Hello clevermizo, so would it be correct to say a verb with the ب in front is simply the standard indicative verbal form? And where it's used without it, it's because it's in another form, like subjunctive and jussive, or because it's implied like with future indicators?

Thanks


----------



## clevermizo

That's more or less it, yes. The form without b- and the form with b- are distinct grammatical entities with different usages.


----------



## WadiH

I think the answers in this thread rest on some faulty assumptions or simply unrealistic expectations.  I note this obsession with not "sounding foreign."  Well, I hate to break it to you, but it's almost impossible not to sound foreign.  I can't even imitate the dialect/accent of members of my own family  without it sounding noticeably affected to the person I'm imitating (and I'm actually quite good at picking up accents and dialects).

So, bottom line is, you'll never sound Syrian.  Besides, what kind of Syrian do you want to sound like?  Damascus, Aleppo, Latakia?  Some village just outside of Homs?  There are almost infinite ways to speak Syrian.  I remember an anecdote on this forum about the professor who tried to affect the most localized Damascene accent he could muster, and people thought he sounded ridiculous.  It's like someone learning American English, but deciding that he was going to learn to speak exclusively in the manner of central Kentucky or northern Wisconsin.

Moreover, people in the Arabic-world don't want you to speak exactly like they do.  I don't go to Syria and start affecting a Syrian accent and use 100% of Syrian grammar: I just water down the local aspects of my speech enough for the other person to understand me.

Just try to speak in a "neutral" Syrian way, making sure you have the right syntax, and the basic rules of grammar, and the right (pan-Syrian) vocabulary.  If you want to supplement that with MSA, that's totally fine, and it's not even necessarily foreign (there's even a name for it: عامية المثقفين).  In the mainstream of society, nobody speaks in "pure" MSA or pure dialect, except perhaps in the most intimate of settings with one's own family.

Like someone else said on this thread, if you already know MSA, and you already understand Syrian, then with enough practice and exposure to Syrian Arabic you'll pick up the "Syrian way" of speaking and you'll speak it in your own personal way, just like natives do.



clevermizo said:


> That's more or less it, yes.
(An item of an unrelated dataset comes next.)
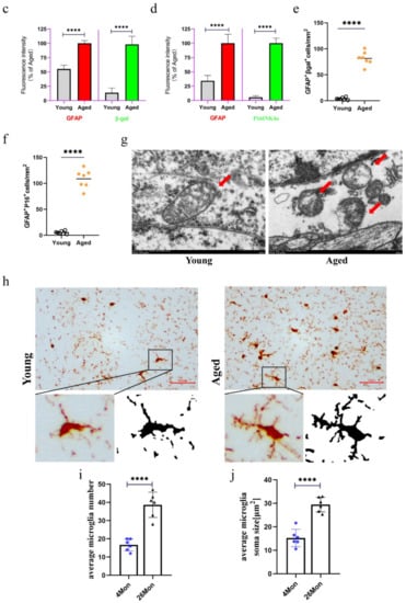 A variety of cells exist in the brain, mainly including neurons, astrocytes and microglia, which type of cells play a key role in the initiation of aging remains unclear. The expression of β-gal and P16INK4a can be used as senescent markers [8]. Here, the four-month-old mice were defined as young group and the 26-month-old mice were defined as aged group. With the increasing age of mice, the expressions of β-gal and P16INK4a were significantly increased (Figure 2a–d). We also found a significant increase in the density of βgal+ astrocyte (GFAP+), localizing in the cytoplasmic compartment and P16+ astrocyte (GFAP+), localizing in the nuclear compartment (Figure 2e,f). So, to assess whether changes in the organelle structure of astrocytes occur during the senescent progress, electron microscopy was used to examine the ultrastructure of the mitochondria in astrocytes. Figure 2g shows that the mitochondria may have changed from a strip shape to a rounded one with age and the cristae were vague and some of them disappeared in aged mice. Data also showed that a progressive enlargement of microglial size as the activation state and phagocytic capacity of the cells enhances (Figure 2h-j). Usually, amoeboid microglia was considered as higher activation state [9].

The form without b- and the form with b- are distinct grammatical entities with different usages.



But isn't it true (and I remember you saying this in another thread), that most Syrian verbs will start with _b-_ anyway?  My impression is that the b- is only omitted if there is some future aspect to the verb (I don't mean "aspect" in the technical sense of course).
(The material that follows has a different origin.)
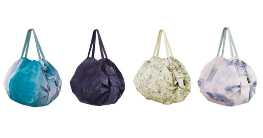 「Shupatto コンパクトバッグ M リサイクルコレクション」は、一気にたためる機能はそのままに、環境に配慮し、廃棄プラスチックから作られた再生素材を100%使用した専用の生地を使用。また、自然へのリスペクトを込めたデザインテーマを設定し、2022年秋冬より、半期に1度、海外限定で新柄を発表してまいりました。

Of course, the b- undoubtedly started out with a grammatical purpose.  In Urban Hejazi and Sudanese Arabic, there are still a lot of cases where the b- is omitted:
محمد يدرس كتير ("Muhammad studies a lot")
محمد بيدرس دحين ("Muhammad is studying right now")
محمد بيدرس في الجامعة ("Muhammad studies at the university")



outo_otus said:


> Abu Faham, the Gulf dialects also use 'b-' infront of many verbs but with a slightly different nuance than that of the Levant.
> 
> It often indicated a near-future action:
> Baruu7 il jaam3a ba3ad shway - I will go to the university soon
> 
> Basawiiha 3ogub amshi - I will do it before I leave
> 
> 'b-' is not used to indicate habitual action I believe (in the gulf).
> 
> Hope this helped.



The Peninsular _b-_ indicates the future, while the Mashriqi _b-_ indicates present.  That is not a slight nuance, that is a big fundamental difference (the difference between "I will go" and "I go" or "I am going").  And indeed, the two _b-_'s have completely independent etymologies and are completely unrelated (if anyone's interested, the Peninsular _b-_ ultimately comes from يبغي > يبي, the verb for "want").


----------



## clevermizo

Wadi Hanifa said:


> But isn't it true (and I remember you saying this in another thread), that most Syrian verbs will start with _b-_ anyway?  My impression is that the b- is only omitted if there is some future aspect to the verb (I don't mean "aspect" in the technical sense of course).



That it's a future-sort of meaning is an interesting way to look at it that I hadn't thought of. But nevertheless, you're still saying that the two forms have distinct grammatical properties. And this is isn't just true of Syria. *Biddi baakol sounds "strange" or "wrong" all over the Levant, or so I believe. This was my point, that you can't just add it when you want as some sort of phonetic "ease" of pronunciation.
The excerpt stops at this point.